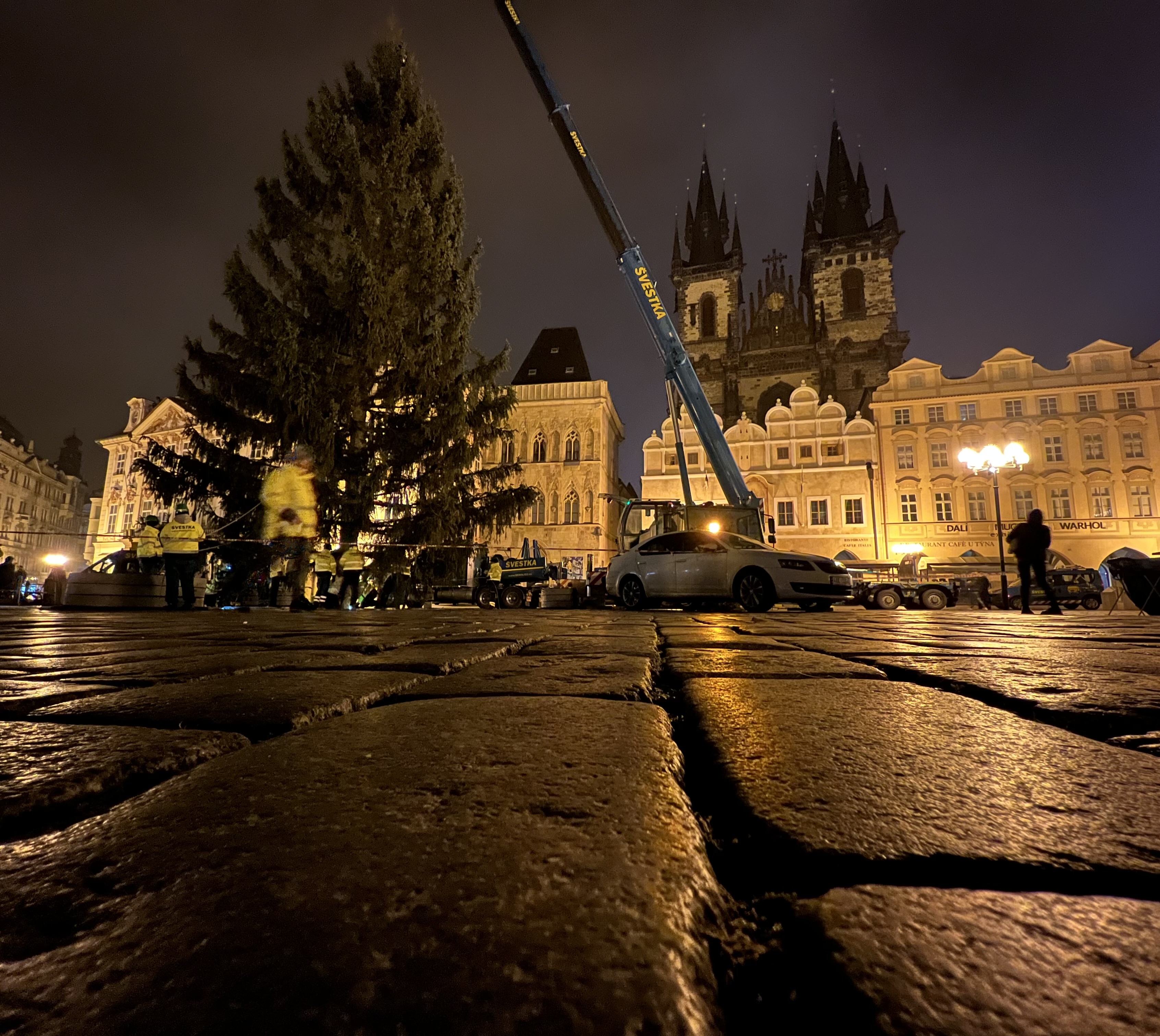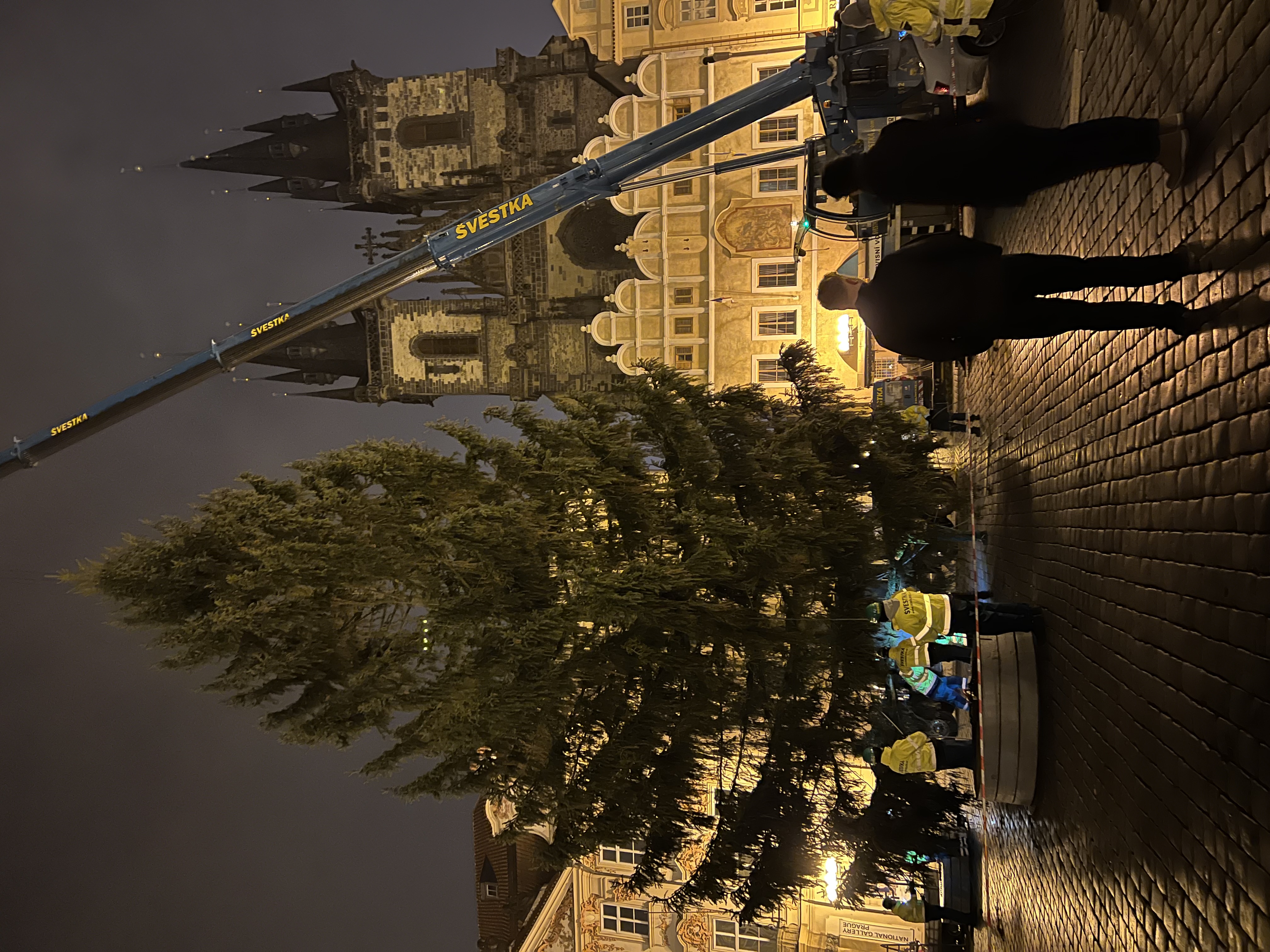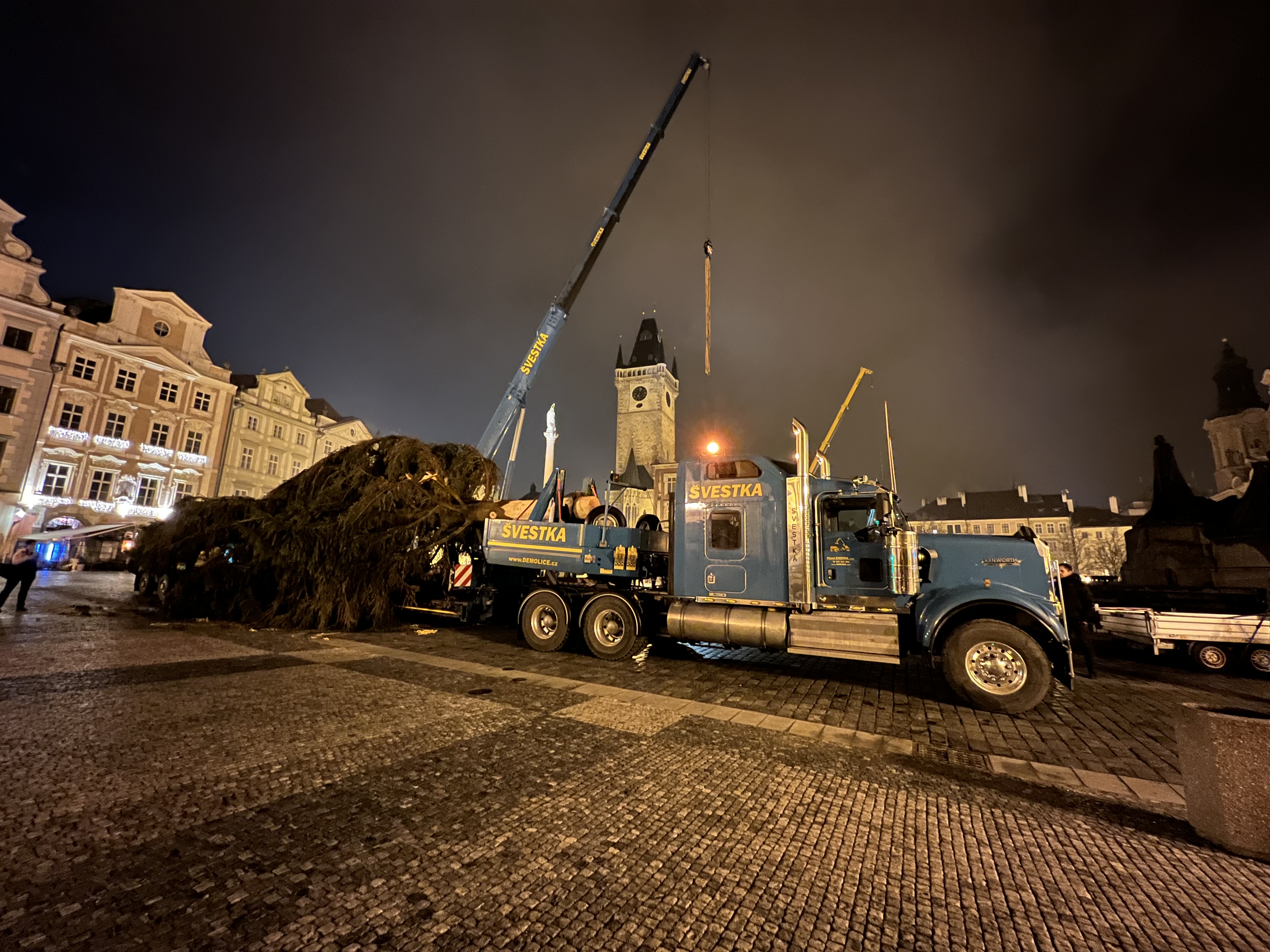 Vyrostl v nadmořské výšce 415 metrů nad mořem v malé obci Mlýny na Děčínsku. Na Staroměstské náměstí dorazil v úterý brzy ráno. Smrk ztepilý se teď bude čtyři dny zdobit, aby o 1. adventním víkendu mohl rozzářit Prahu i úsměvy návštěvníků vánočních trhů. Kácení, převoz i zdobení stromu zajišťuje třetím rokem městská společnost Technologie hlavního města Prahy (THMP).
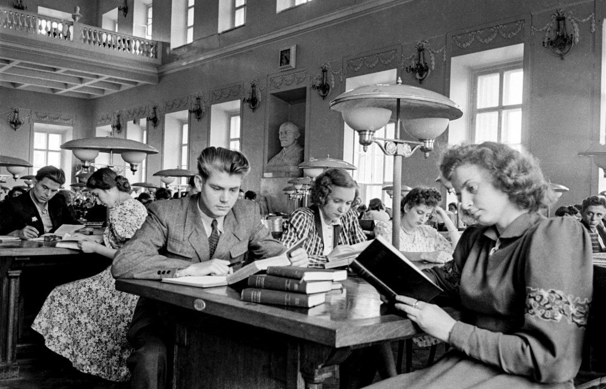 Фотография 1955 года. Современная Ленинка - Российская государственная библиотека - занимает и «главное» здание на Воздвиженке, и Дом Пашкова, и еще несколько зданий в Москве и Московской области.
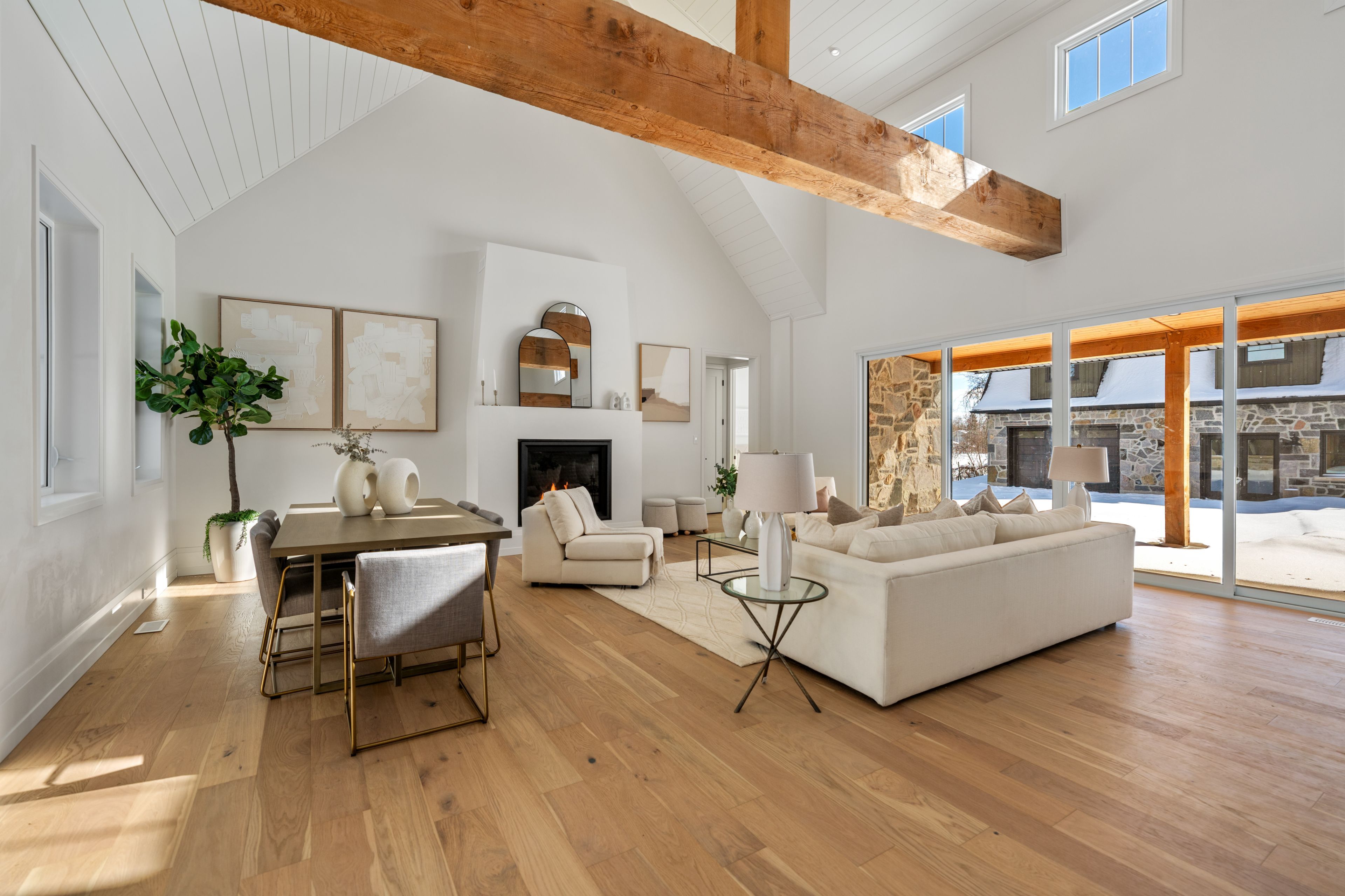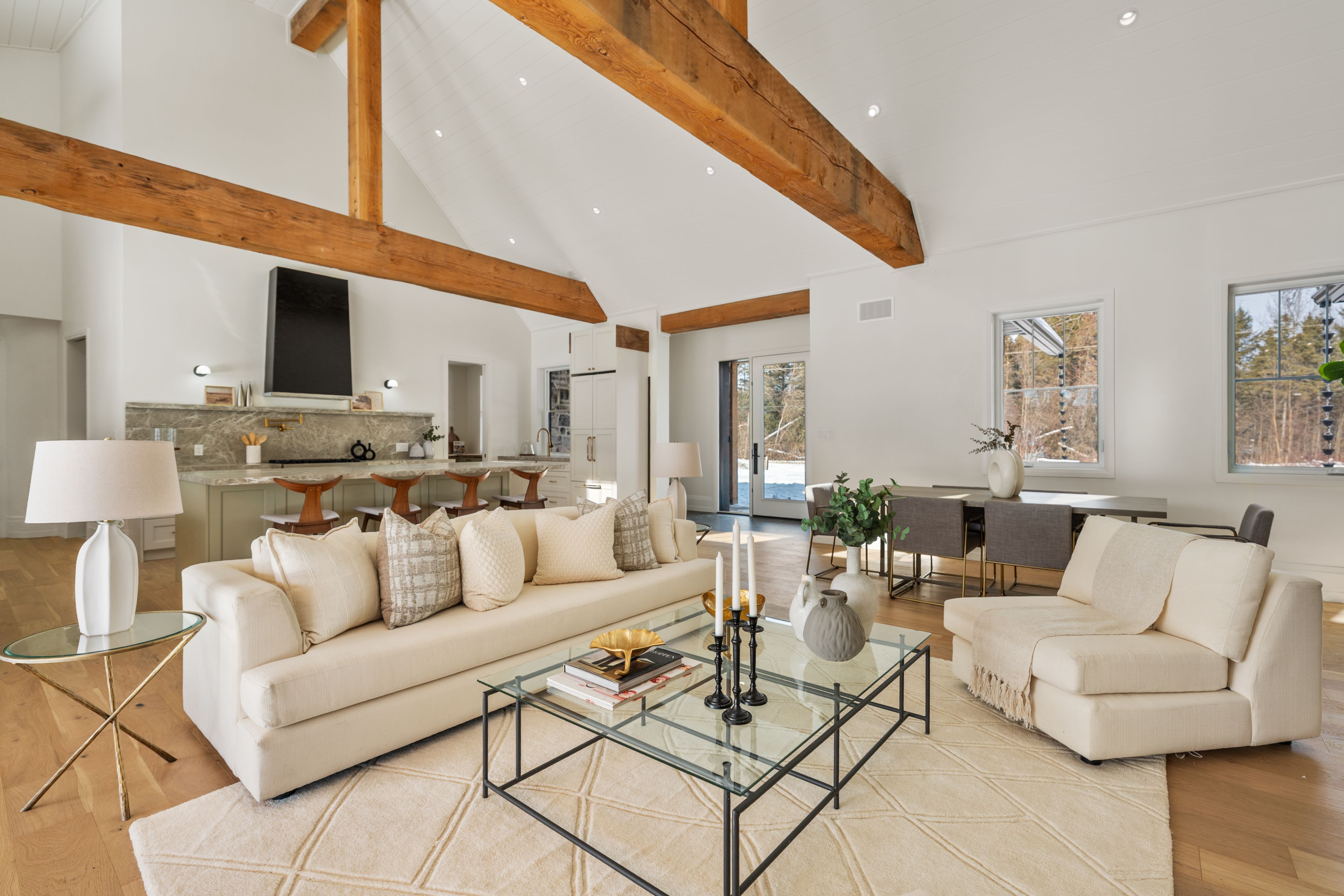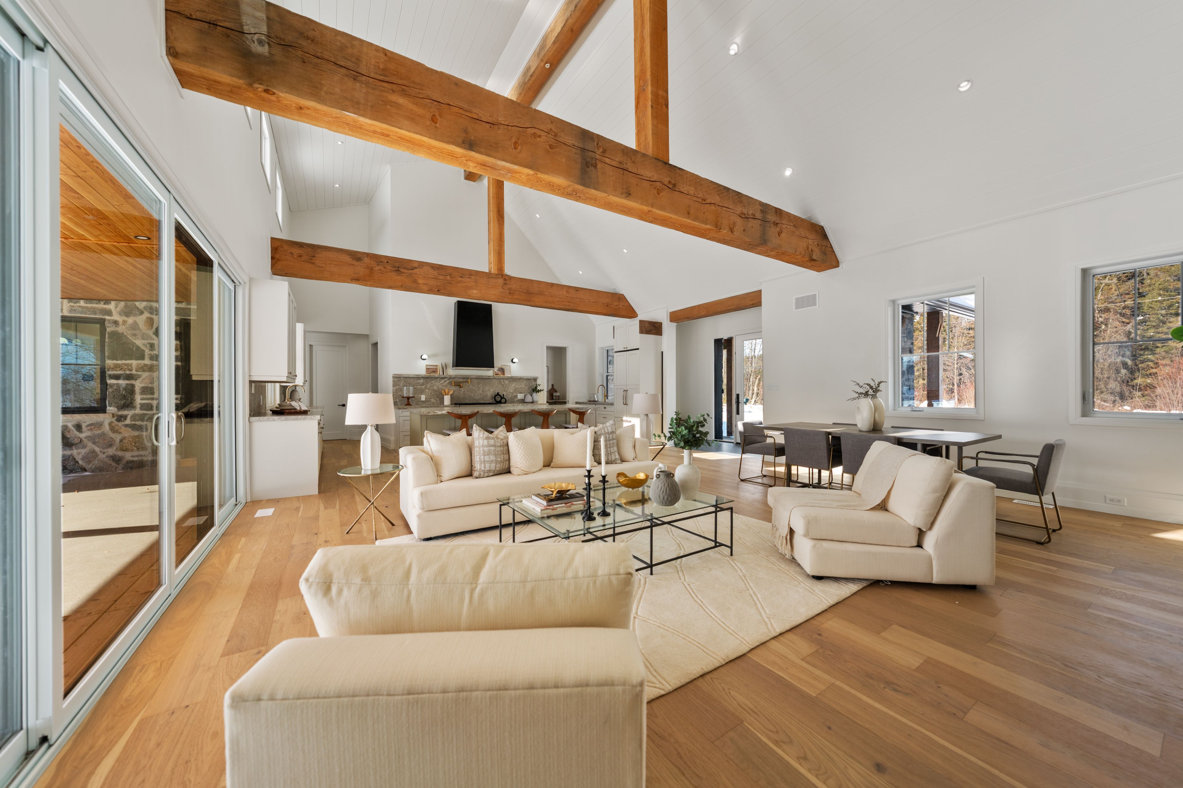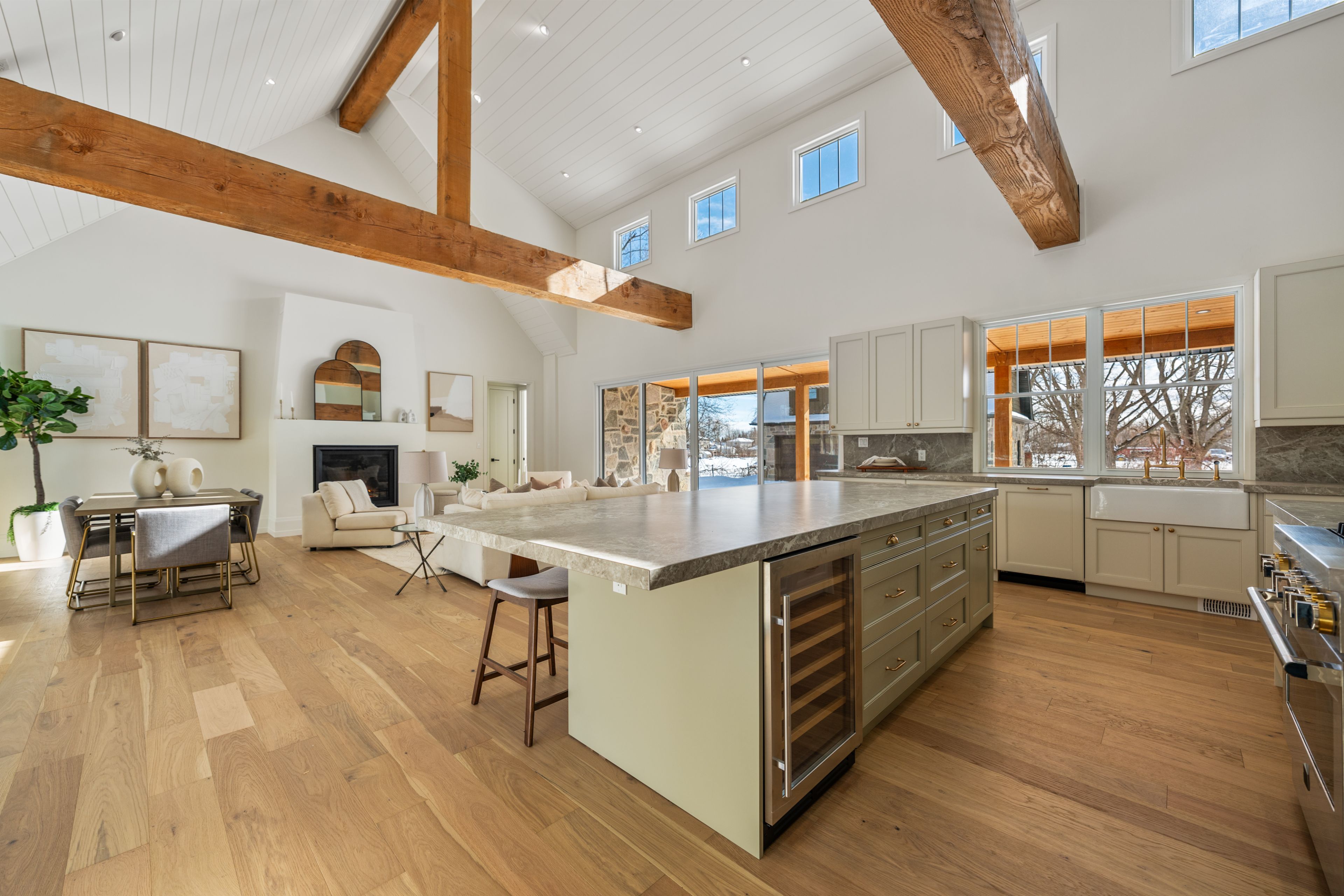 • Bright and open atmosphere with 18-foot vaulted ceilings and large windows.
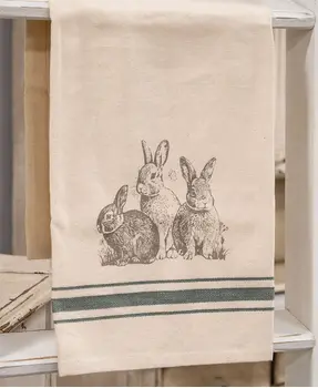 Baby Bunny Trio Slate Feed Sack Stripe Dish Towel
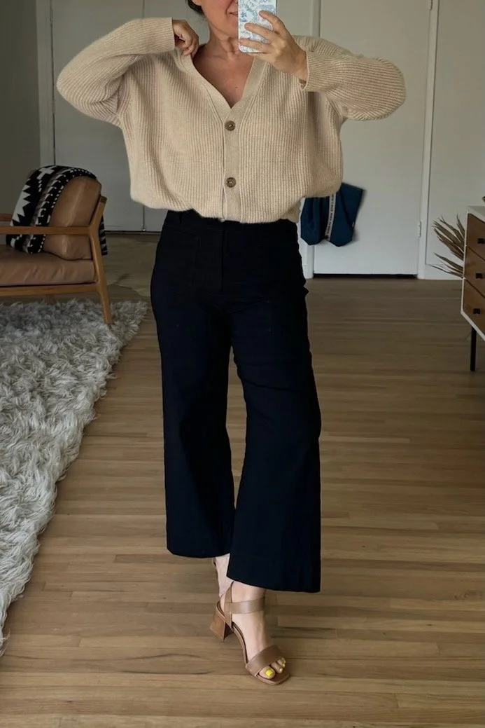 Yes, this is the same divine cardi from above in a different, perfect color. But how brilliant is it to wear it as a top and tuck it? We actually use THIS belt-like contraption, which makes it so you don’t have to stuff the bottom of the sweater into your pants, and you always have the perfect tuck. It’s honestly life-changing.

§

* **Description of the task**:
Print every record above exactly, but no pictures.

* **Written response**:
 Vyrostl v nadmořské výšce 415 metrů nad mořem v malé obci Mlýny na Děčínsku. Na Staroměstské náměstí dorazil v úterý brzy ráno. Smrk ztepilý se teď bude čtyři dny zdobit, aby o 1. adventním víkendu mohl rozzářit Prahu i úsměvy návštěvníků vánočních trhů. Kácení, převoz i zdobení stromu zajišťuje třetím rokem městská společnost Technologie hlavního města Prahy (THMP).
 Фотография 1955 года. Современная Ленинка - Российская государственная библиотека - занимает и «главное» здание на Воздвиженке, и Дом Пашкова, и еще несколько зданий в Москве и Московской области.
 • Bright and open atmosphere with 18-foot vaulted ceilings and large windows.
 Baby Bunny Trio Slate Feed Sack Stripe Dish Towel
 Yes, this is the same divine cardi from above in a different, perfect color. But how brilliant is it to wear it as a top and tuck it? We actually use THIS belt-like contraption, which makes it so you don’t have to stuff the bottom of the sweater into your pants, and you always have the perfect tuck. It’s honestly life-changing.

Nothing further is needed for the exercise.